In terms of virtual screening, rescoring results obtained from standard docking to three target of pharmaceutical interest (EGFR, IGF-1R, and HIVgp41) showed that the FMS and FMS+DCE (equivalent to FMS+SGE) methods yielded more compounds with greater numbers of pharmacophore matches when the top 25 compounds from each method were examined (Figure 18). The example also demonstrated how FMS scoring could utilize small organic molecules or noncontiguous protein side chains as a reference. For gp41 in particular, examination of top poses revealed that none of the compounds matched an important Asp side chain in the initial pharmacophore model. A simple modification of the reference to include multiple copies of the Asp weighted this functionality more highly, and when rescored, yielded top-ranked compounds with the desired interaction. Importantly, this result further establishes the importance of the FMS “reference” in addition to demonstrating how pharmacophores could be customized.

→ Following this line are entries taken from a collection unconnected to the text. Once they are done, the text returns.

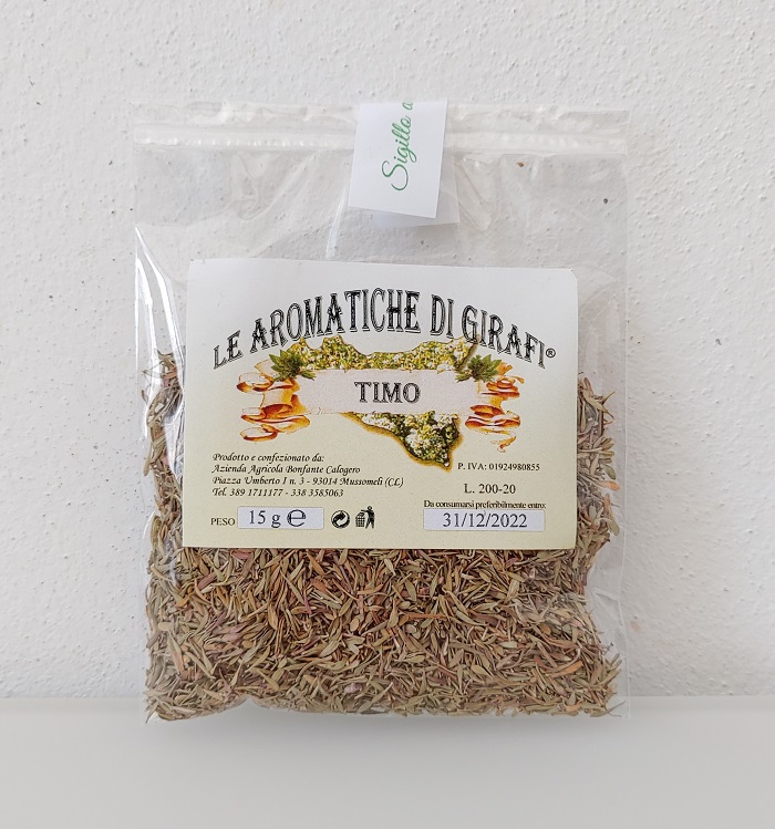 Timo coltivato in pieno campo senza uso di prodotti chimici tra 700 e 900m di altitudine sulle montagne di Mussomeli (Caltanisetta), raccolto a mano ed essiccato al sole.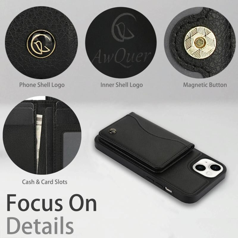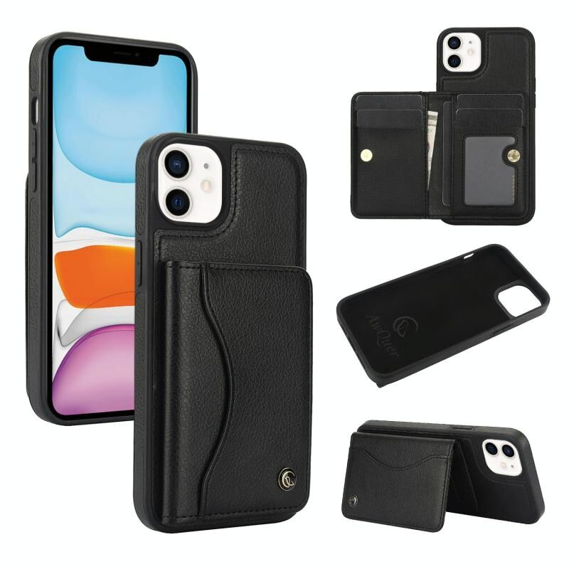 Θήκη τηλεφώνου AwQuer για iPhone 11, οριζόντια, με κάρτες και δερμάτινη κατασκευή (Μαύρο) (Awquer)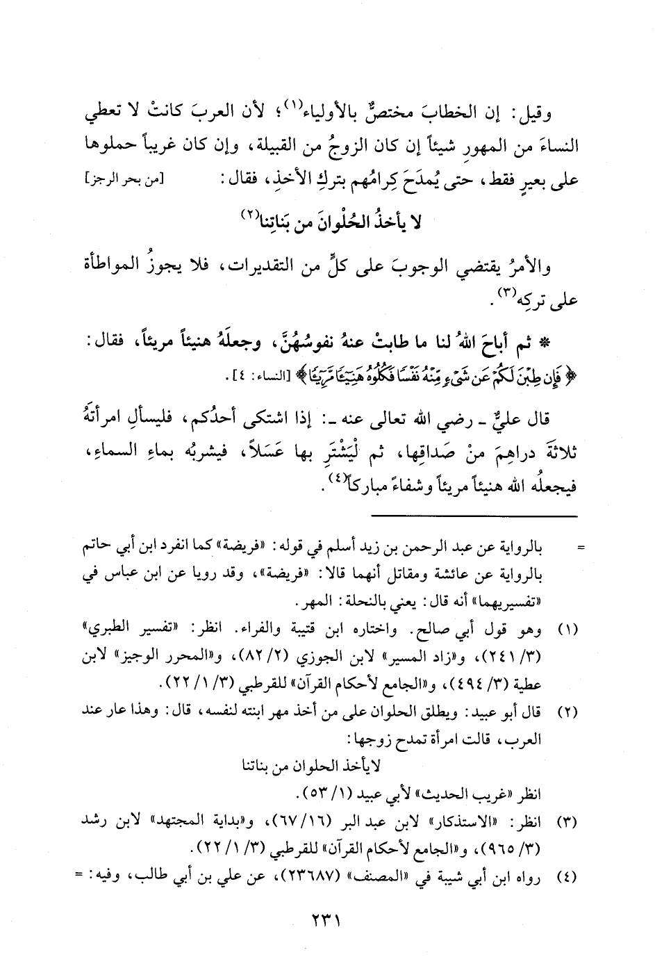 * ثم أباحَ اللهُ لنا ما طابتْ عنهُ نفوسهُنَّ، وجعلَهُ هنيئًا مريئًا، فقال: {فَإِنْ طِبْنَ لَكُمْ عَنْ شَيْءٍ مِنْهُ نَفْسًا فَكُلُوهُ هَنِيئًا مَرِيئًا} [النساء: 4].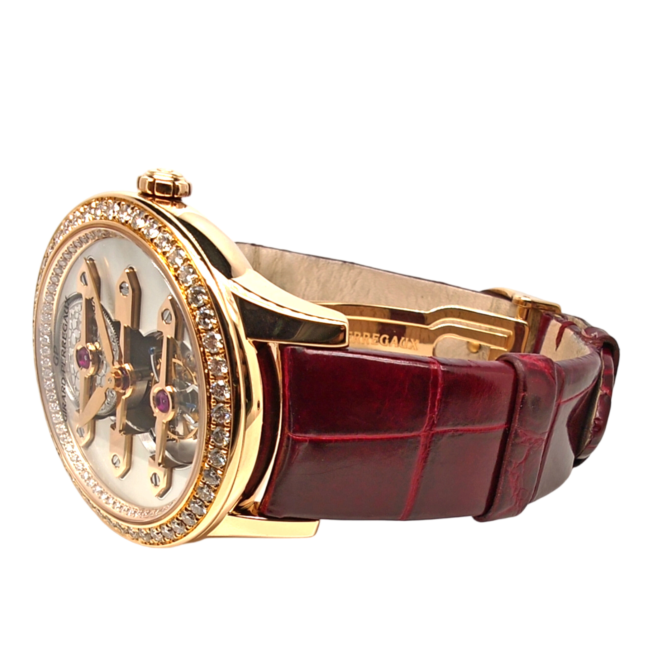 This 18K Rose Gold Girard-Perregaux Bridges Diamond watch. Its SKU code is JW250L702. The watch is MANUAL WINDING with the main materials ROSE GOLD. The case diameter is 38MM.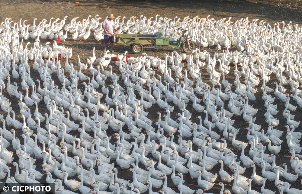 2025年7月12日,江苏省宿迁市泗洪县石集乡一生态鹅养殖基地生机盎然,工作人员正忙着投放饲料。近年来,石集乡依托滩涂等自然资源大力发展生态养殖,既盘活了闲置资源,又通过规模化养殖带动农户增收。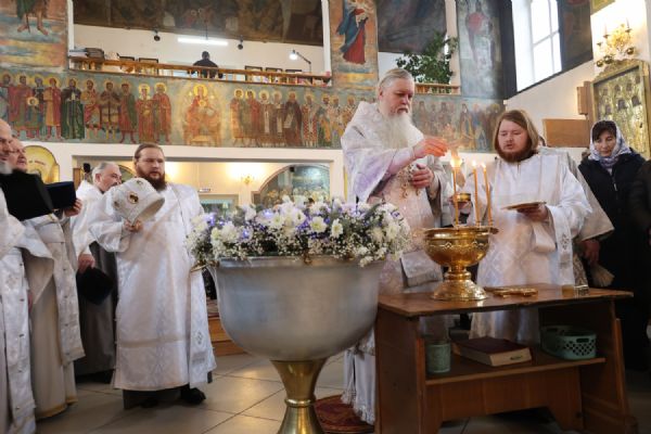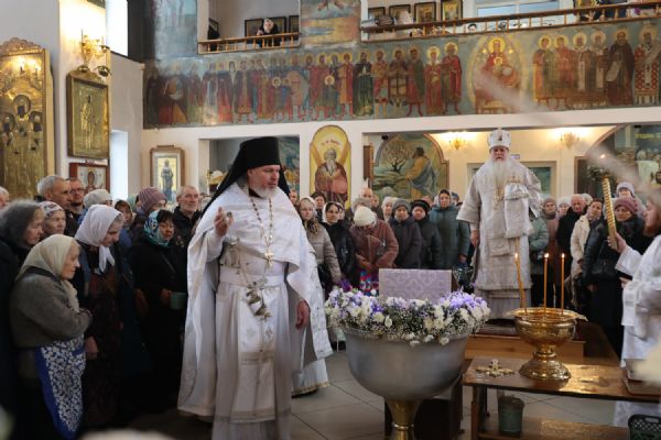 По окончании Литургии архипастырь в сослужении духовенства совершил чин Великого освящения воды и щедро окропил собравшихся.
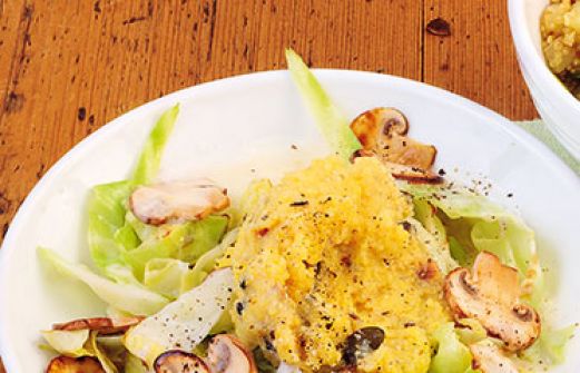 Kürbiskern-Polenta mit Spitzkohl Zutaten 250 g Spitzkohl 125 g braune Champignons 2 Schalotten 20 g Kürbiskerne 150 ml Milch Salz 70 g Instant-Polenta 20 g Butter 1- 2 TL frisch gepresster Zitronensaft Pfeffer 1 EL Öl 50 ml trockener Weißwein (z. B. Chardonnay; ersatzwe [...]
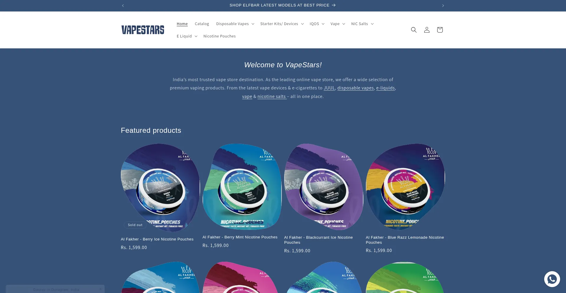Analysis indicates that vapestars.in operates as an e-commerce platform facilitating online transactions for goods or services. The website implements shopping cart functionality, payment processing systems, and product catalog features typical of commercial retail operations.

Finally, the current results suggest several directions for future research, including exploring other functional forms of the main FMS equation (eq 1), testing FMS score in combination with other scoring functions (i.e., footprint similar scoring), development of a receptor-based[51] as opposed to the current ligand-based method, and implementation of routines to address multiple pharmacophore references simultaneously.[52] Ongoing work involves incorporation of FMS scoring into a de novo design version of DOCK, currently under development in our laboratory, to allow pharmacophore-guided denovo growth of new ligands from scratch having similar binding profiles as a known reference.